Я люблю запускать журналы. С того момента, как я стала президентом компании, мы запустили Tatler, Brides, Condé Nast Traveller, а вот сейчас Allure. С одной стороны, это бизнес-логика — расти и охватить разные сегменты рынка. С другой — это элементарная логика человека, любящего свое дело: запуск сопровождается большим драйвом, готовится с азартом, мобилизует все силы издательского дома, держит в тонусе. Хотя это, конечно, нелегко. Каждый год запускать новый журнал — это как рожать детей-погодков. Стресс для организма, но и огромная радость.
Allure был моей давней мечтой, он мне нравился своей необычной формулой, остротой, дерзким дизайном.
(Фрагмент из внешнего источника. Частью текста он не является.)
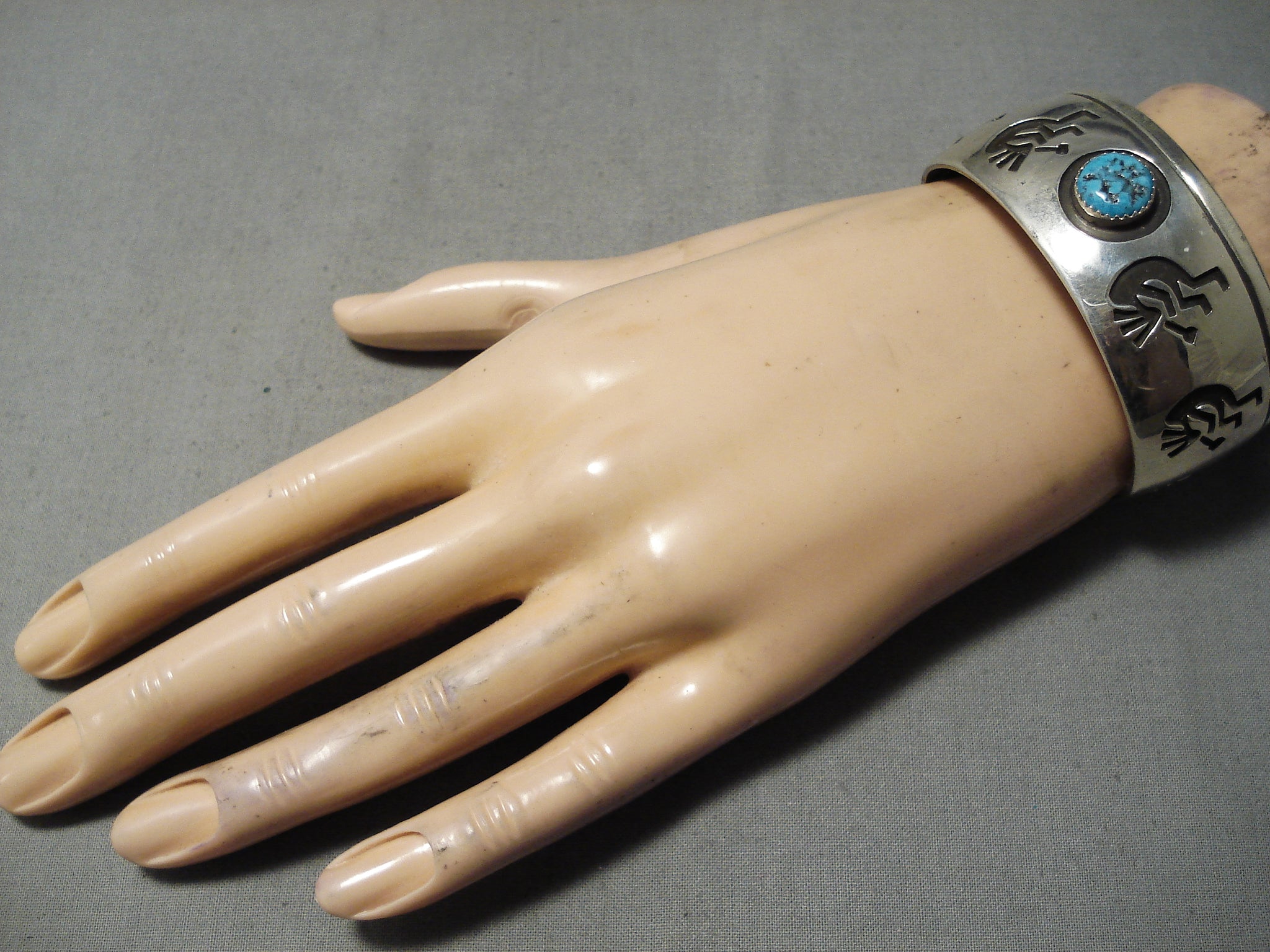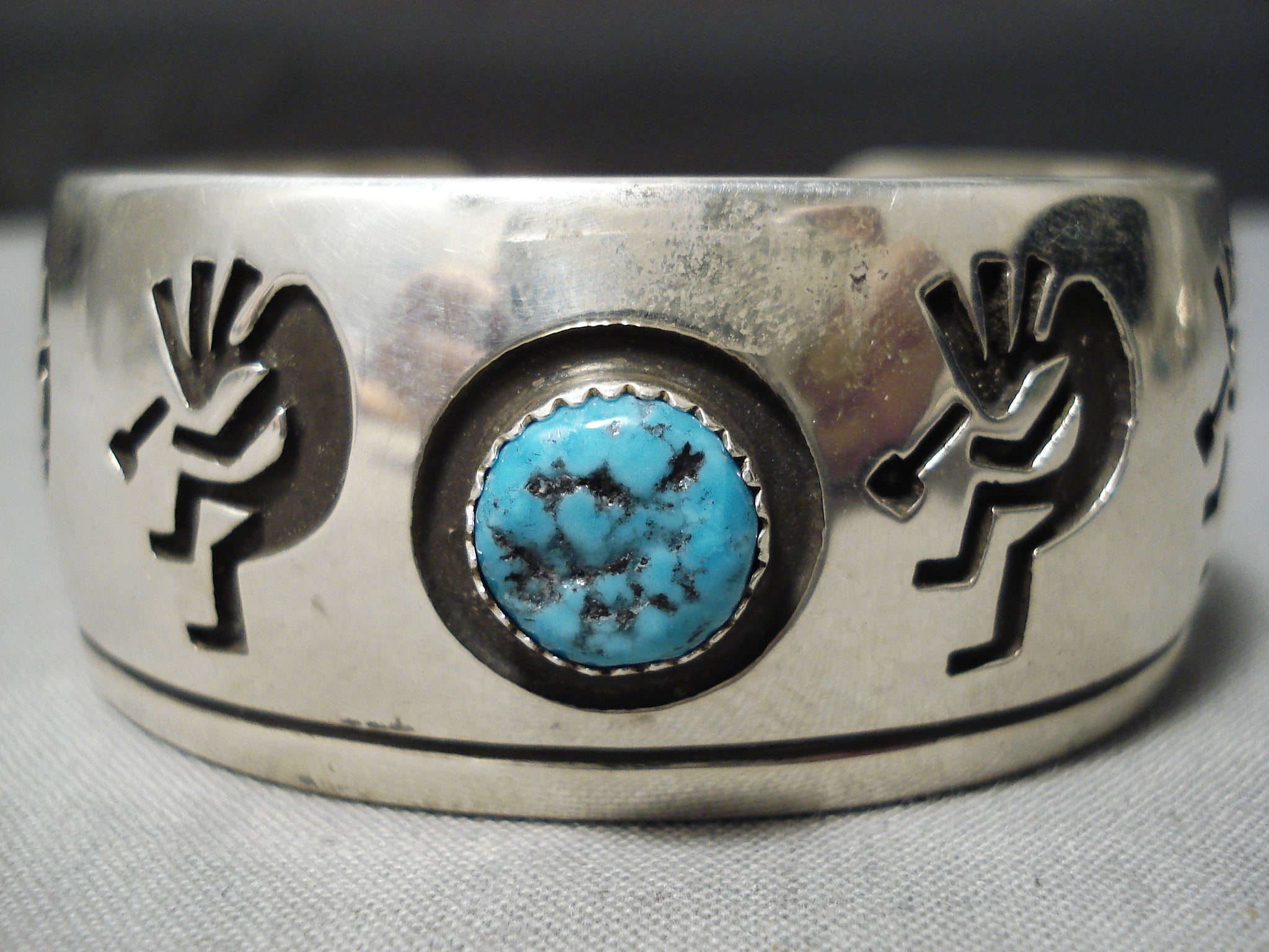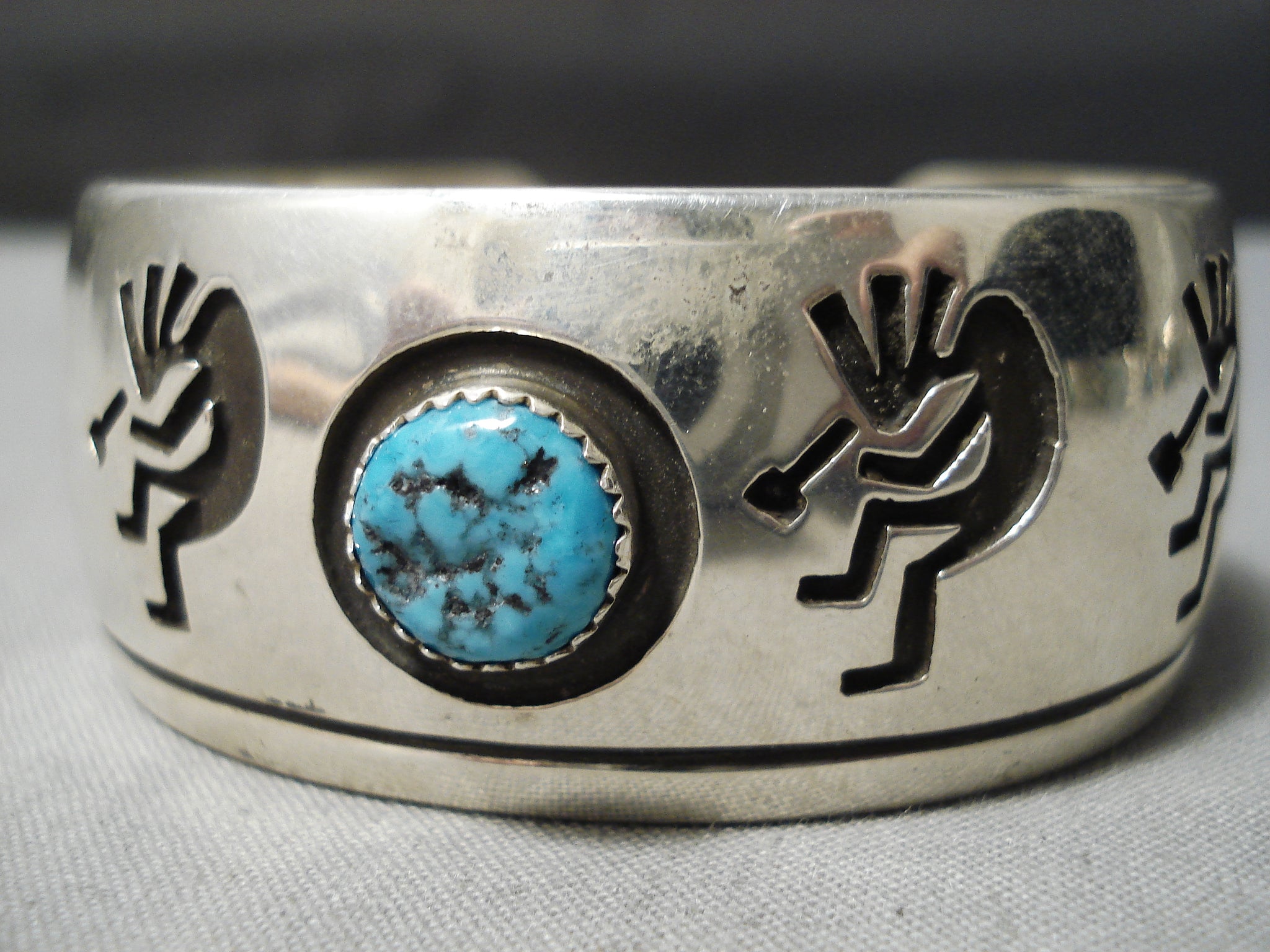 Dancing Kokopelli Vintage Native American Navajo Turquoise Sterling Silver Bracelet

Когда я бывала в лондонской библиотеке Condé Nast, я всегда жадно рассматривала первые номера и удивлялась тому, как отчаянно и смело они сделаны. Мне сразу хотелось вернуть русский Allure именно к этим первым американским номерам двадцатилетней давности, использовать те приемы, которые разрабатывал их великий редакционный директор Александр Либерман. Он лично делал эти безумные макеты, растягивал картинки, писал громадные буквы, клеил коллажи, использовал приемы желтой прессы, делал неожиданные кадрировки — в том числе и для обложек, придумывал постановочные натюрморты и писал абстрактные картины с помощью косметических продуктов. Первые номера Allure выглядели как произведения современного искусства, но были при этом очень современными.
Что вам больше всего понравилось в американской редакции Allure?
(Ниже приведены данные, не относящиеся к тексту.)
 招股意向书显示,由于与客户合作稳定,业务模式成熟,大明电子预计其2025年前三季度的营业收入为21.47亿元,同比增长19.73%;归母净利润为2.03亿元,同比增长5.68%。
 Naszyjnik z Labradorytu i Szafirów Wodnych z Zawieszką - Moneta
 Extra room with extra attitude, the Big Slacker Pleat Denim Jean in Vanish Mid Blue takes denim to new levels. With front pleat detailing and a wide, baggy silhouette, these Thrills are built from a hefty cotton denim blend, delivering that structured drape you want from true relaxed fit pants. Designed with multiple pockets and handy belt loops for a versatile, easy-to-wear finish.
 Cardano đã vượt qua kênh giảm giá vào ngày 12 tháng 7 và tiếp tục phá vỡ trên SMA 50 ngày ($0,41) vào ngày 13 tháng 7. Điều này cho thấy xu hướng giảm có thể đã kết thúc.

Их бессменный главный редактор Линда Уэллс — она приезжала к нам на вечеринку по поводу запуска журнала. Линда по американским меркам стала главредом очень рано — в 30 лет. Для России, конечно, это норма, у нас все происходит в ускоренном темпе. Линда пришла из газеты, была молодая, свободная, смелая, не боялась рекламодателей. Это важно, ведь они в конечном итоге покупают не наши страницы, а нашу аудиторию, поэтому мы не их должны завоевывать, а читателей. Линда применила принципы газетного журналистского расследования в глянце — это был прорыв в глянцевой индустрии. А если вы посмотрите на нее сейчас, вы увидите, что она прекрасно выглядит, но выглядит абсолютно естественной, а не как героиня фильма "Смерть ей к лицу", которых я так часто у нас встречаю. Мне всегда нравилось, что Allure не учит женщин быть красивыми. Allure учит их быть собой и быть уверенными. Это куда важнее.
Каковы, с вашей точки зрения, сильные и слабые стороны первого номера?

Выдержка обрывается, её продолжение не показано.